_WORK TO COMPLETE_
The answer is the full listing below, copied exactly, with its pictures omitted.

_DATA EXCERPT_
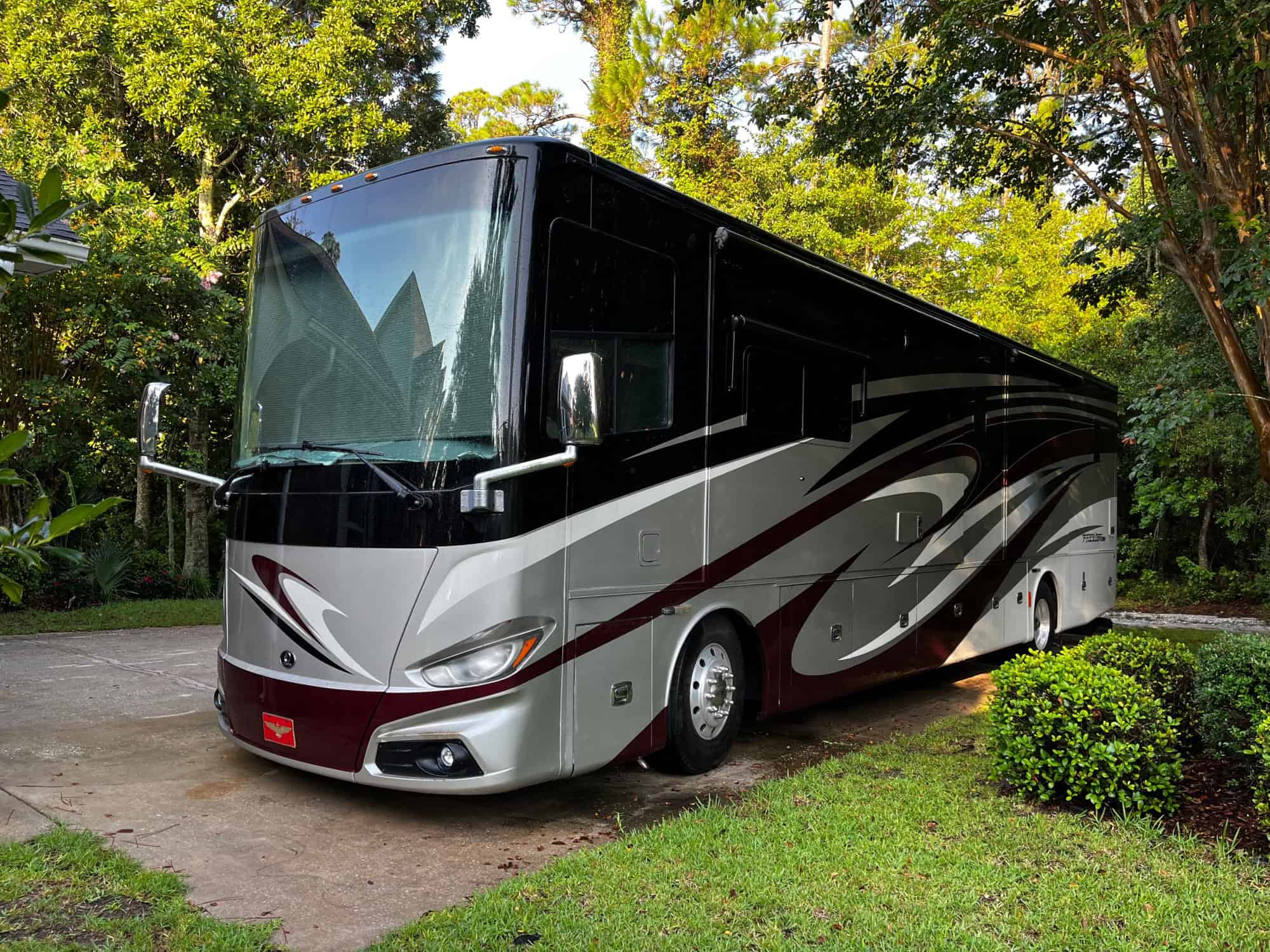 Four Slides, Amber Glazed all solid hardwood (oversized) cabinets, doors, trim & valences (upgrade option), 380hp Cummins ISL 9.0L diesel engine, 6 speed Allison transmission with 1150lbs of torque and fuel saving mode, Onan 10,000w diesel generator (slide out tray equipped) with auto gen start, large water and waste tanks with DC powered water pump, auto leveling system, NEW (June 2025)maximum size tires (295/80 22.5), stainless steel residential refrigerator freezer,4 LED TV's, ultra-leather sofa with queen size pull out air mattress, twin adjustable leather lounge seats, in coach vacuum system, dinette table with dual bench seating, full length slide out pantry, a must see interior light system, all tile flooring throughout coach, bedroom ceiling fan, in-dash GPS navigation with CD/ FM AM & satellite radio system, surround sound entertainment system ,large outside LED TV, pass through basement storage with dual basement slide-out trays (upgrade option),10,000lb hitch, three low profile 15k AC units w/ heat pumps, Sunlit Sand full body paint, all solid hardwood Upgrade cabinets, 4G Internet, IN-Motion Satellite, 2000w pure sine wave inverter, dual pane windows, dual front powered shades (blackout & solar),stacked washer/dryer, propane/electric hot water system, 3 way cameras, Memory Foam King bed, auto leveling system, keyless remote entry with two fobs and coded door entry pad, adjustable leather power front seats, adjustable steering column, huge Shower, High polished aluminum wheels, dual side (100 gal) fuel fill, slide out house battery tray, heated power mirrors, heated tanks, full window awnings and large powered patio awning, electric 50amp power cord reel & water reel, one-piece molded fiberglass roof and much more!!
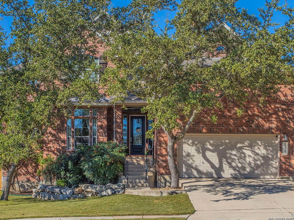 A lovely two-story home tucked away on a quiet cul-de-sac offers the perfect blend of comfort and natural beauty. It features 4 spacious bedrooms, 3.5 bathrooms, a dedicated office, and a large upstairs game room. The property offers a welcoming kitchen complete with a breakfast area, generous cabinet storage, and ample countertop space connected to a formal dining room. Additional highlights include tall ceilings, a double-sided fireplace, and a charming built-in home for your four-legged family members. Enjoy a covered patio with two ceiling fans and an attached wood deck that also provides for under-deck storage. The scenic backyard is an oasis for family and friends, with a pool, outdoor kitchen with wood-burning pizza oven, and multiple entertaining areas on a 0.4 acre lot featuring mature oak trees. The outdoor kitchen is equipped with a built-in Lion gas grill, Marvel refrigerator and kegerator, FireMagic double-sided burners, and power burner. Located in the Mountain Lodge community, residents enjoy access to top-rated schools, two pools, a playground, basketball courts, and the added benefit of no city taxes!
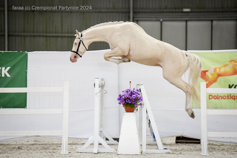 A beautiful, eye-catching 3-yo stallion (born 2022) polish sporthorse breed (no spanish lines). Very good movement and jumping technique - a promising sport and breeding prospect. Full brother to licensed stallion Diamond Dealer-J (OgierZoltar x Corleone Z) https://www.colored-stallions.com/diamond-dealer-j Sire Zoltar: https://www.colored-stallions.com/zoltar His mother Dita-P, is a daughter of the stallion Corleone Z, whose offspring perform very well in both disciplines: dressage and jumping. Dita-P's full sister mare Dirty Lady-P participated in the World Championships for 5-year-olds in dressage. Last photos dam and sire and 2 full brothers. Movies can be send on Whatsapp Also other palomino and cremello horses available. https://sites.google.com/grupadrewnex.pl/palominojaskulscy/strona-g%C5%82%C3%B3wna/foals-horses-for-sale Facebook @PalominoJaskulscy Located south-west Poland 55-093 Piecowice

_SOLUTION TO THE PROBLEM_
 Four Slides, Amber Glazed all solid hardwood (oversized) cabinets, doors, trim & valences (upgrade option), 380hp Cummins ISL 9.0L diesel engine, 6 speed Allison transmission with 1150lbs of torque and fuel saving mode, Onan 10,000w diesel generator (slide out tray equipped) with auto gen start, large water and waste tanks with DC powered water pump, auto leveling system, NEW (June 2025)maximum size tires (295/80 22.5), stainless steel residential refrigerator freezer,4 LED TV's, ultra-leather sofa with queen size pull out air mattress, twin adjustable leather lounge seats, in coach vacuum system, dinette table with dual bench seating, full length slide out pantry, a must see interior light system, all tile flooring throughout coach, bedroom ceiling fan, in-dash GPS navigation with CD/ FM AM & satellite radio system, surround sound entertainment system ,large outside LED TV, pass through basement storage with dual basement slide-out trays (upgrade option),10,000lb hitch, three low profile 15k AC units w/ heat pumps, Sunlit Sand full body paint, all solid hardwood Upgrade cabinets, 4G Internet, IN-Motion Satellite, 2000w pure sine wave inverter, dual pane windows, dual front powered shades (blackout & solar),stacked washer/dryer, propane/electric hot water system, 3 way cameras, Memory Foam King bed, auto leveling system, keyless remote entry with two fobs and coded door entry pad, adjustable leather power front seats, adjustable steering column, huge Shower, High polished aluminum wheels, dual side (100 gal) fuel fill, slide out house battery tray, heated power mirrors, heated tanks, full window awnings and large powered patio awning, electric 50amp power cord reel & water reel, one-piece molded fiberglass roof and much more!!
 A lovely two-story home tucked away on a quiet cul-de-sac offers the perfect blend of comfort and natural beauty. It features 4 spacious bedrooms, 3.5 bathrooms, a dedicated office, and a large upstairs game room. The property offers a welcoming kitchen complete with a breakfast area, generous cabinet storage, and ample countertop space connected to a formal dining room. Additional highlights include tall ceilings, a double-sided fireplace, and a charming built-in home for your four-legged family members. Enjoy a covered patio with two ceiling fans and an attached wood deck that also provides for under-deck storage. The scenic backyard is an oasis for family and friends, with a pool, outdoor kitchen with wood-burning pizza oven, and multiple entertaining areas on a 0.4 acre lot featuring mature oak trees. The outdoor kitchen is equipped with a built-in Lion gas grill, Marvel refrigerator and kegerator, FireMagic double-sided burners, and power burner. Located in the Mountain Lodge community, residents enjoy access to top-rated schools, two pools, a playground, basketball courts, and the added benefit of no city taxes!
 A beautiful, eye-catching 3-yo stallion (born 2022) polish sporthorse breed (no spanish lines). Very good movement and jumping technique - a promising sport and breeding prospect. Full brother to licensed stallion Diamond Dealer-J (OgierZoltar x Corleone Z) https://www.colored-stallions.com/diamond-dealer-j Sire Zoltar: https://www.colored-stallions.com/zoltar His mother Dita-P, is a daughter of the stallion Corleone Z, whose offspring perform very well in both disciplines: dressage and jumping. Dita-P's full sister mare Dirty Lady-P participated in the World Championships for 5-year-olds in dressage. Last photos dam and sire and 2 full brothers. Movies can be send on Whatsapp Also other palomino and cremello horses available. https://sites.google.com/grupadrewnex.pl/palominojaskulscy/strona-g%C5%82%C3%B3wna/foals-horses-for-sale Facebook @PalominoJaskulscy Located south-west Poland 55-093 Piecowice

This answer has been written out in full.